Monday, 29 November 2010

The litmus seat of Mitcham changes hands: no apologies for poor policy: getting the message to the politicians

It is out with the old - 
Tony Robinson, (Australian Labor Party)
Minister for Gaming, 
Minister for Consumer Affairs
Minister Assisting the Premier on Veterans’ Affairs
Member for Mitcham District since 1997.
and in with the new -
Dee Ryall (Liberal Party of Australia)
in the litmus seat of Mitcham in the eastern suburbs of Melbourne.
Click picture to enlarge.

The Victorian election is almost done and dusted.  Counting still goes on.  Concession and accession speeches are yet to be made by John Brumby and Ted Baillieu, respectively.  

On Saturday night, the ABC broadcast from the tally room and the most unattractive Daniel Andrews was there speaking for Labor.  How this man came to hold one of the most important portfolios in the state, Health, I will never know.  And there he was - I think he got an F in debating and public speaking - blaming Labor's electoral loss on the length of time that it had been in power.  No humility, no admission of mistakes let alone apologies for them: 
But, according to Andrews and Brumby, it was a time factor - not a policy factor - that is to blame for the loss. One thing you can say for politicians these days: they only want you to put them into power.  They don't want to listen to their electorates, and they don't want you, the voters, to chuck them out when they have failed to listen to their electorates.

I was part of a small group of people in the Mitcham electorate who took time to speak to Tony Robinson and to Dee Ryall on environmental matters.  We did appreciate the time they gave us.  We discussed local environmental issues as well as those on a city and statewide scale.  We didn't expect either Tony or Dee to acquiesce to our wish list.  But I believe it was important that we were there to try to put the environment on their individual agendas and note that there were people in their electorate who cared about what happened.  And, I might add, we were no starry eyed hippy-greenies: we were middle-aged to elderly citizens from quite diverse backgrounds - as is appropriate to the eastern suburbs of Melbourne. (Tongue embeds in cheek here!)

When we brought up the matter of forests, it was clear that Tony had more than a superficial knowledge of the subject - but why did it come out sounding like a paid advertisement for what the forest products industry talks about.  

Dee, it seemed to me, was keen to make known her local environmental interest and told us about her work for the proposed Junction Road Parklands.

One thing we were rather sure about.  Mitcham would be represented by someone from the major parties: Liberal or Labor.  We felt that we came away from our meetings with a sense that - whichever person was elected - we had the beginnings of a working relationship with them.

And we have a way of renewing acquaintance which I shan't reveal just yet - but we will wait until the new Member for Mitcham District recovers and everyone comes back from the summer holidays and then we will be making an appointment to see Dee Ryall once again.

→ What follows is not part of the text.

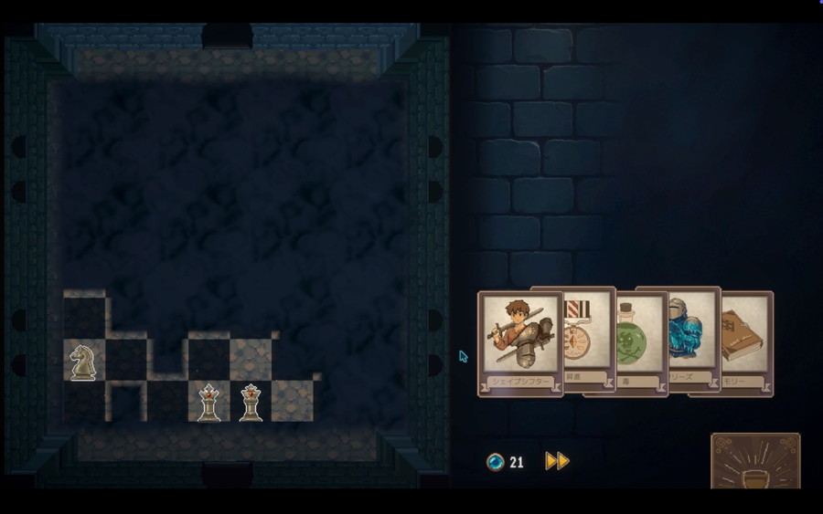 本作は、ダンジョンに捕らわれたクイーンを救うため、小さな自軍を育てながら、さまざまな敵との戦いに挑むチェスローグライトゲーム。

I am not starry eyed about legislators these days - although there was a time..... Some difficult policy areas have few options and hard decisions have to be taken.  I find that the politic processes of Australia - as I suppose it is with other Western-style democracies - are such a turn-off that only a certain sort of person can succeed to have any influence.  Many, many of these have never been involved with their community - not even to running a cake stall at the school fete.  Quite a few have just gone from university or unions or both to politics without having to mix it in a world of differing ambition and views.  Many are parachuted in to their electorates and - as shown in this recent election - many don't live in their safe Labor seats

Don't you think it wonderful, Networkers, when a politician represents a safe western suburbs working class seat but lives across the bay in the nice middle-class/upper middle-class suburbs of nayce people?  I hope someone can find some co-relation between Labor losses and the people who do not believe in truly representative government.  

Add to this the fact that local ALP branch members don't get much of a look in (oh, did I mention the blatant, corrupt and widespread branch-stacking?) and you have risk-factors for getting dunderheads, dishonesty, and self-serving people into electorates who sit there for a very long time.  I found it refreshing the other day to hear The Green, Colleen Hartland - when speaking about the damage that poker machines and gambling were doing to her electorate - she spoke of "my community" - and you just know she was talking about a place in which she had lived for quite a while and a community of which she was an active and integral member.  

And the remedy? A broad and active community with lots of community organisations doing their special interest stuff.  I would like to be able to say strong membership of political parties in local branches.  That would be good too - except for the fact that they can be blind-sided by bias, and shut up and prevented from active policy debate but all tied up with pretty ribbons to be delivered as votes and free labor whenever needed.  We need to be able to have our say, say it in a way that gets the message to our local representative, and be persistent, consistent, and strong in saying it.  Your vote might only be exercised every four years but ensure, ever so politely, that your local representatives understands that- in the end - it is local votes that make the decision.

Picture from here
John Brumby with family at the concession speech 
Monday 29 November 2010
Tony Robinson, former MLA for Mitcham, applauding on the right.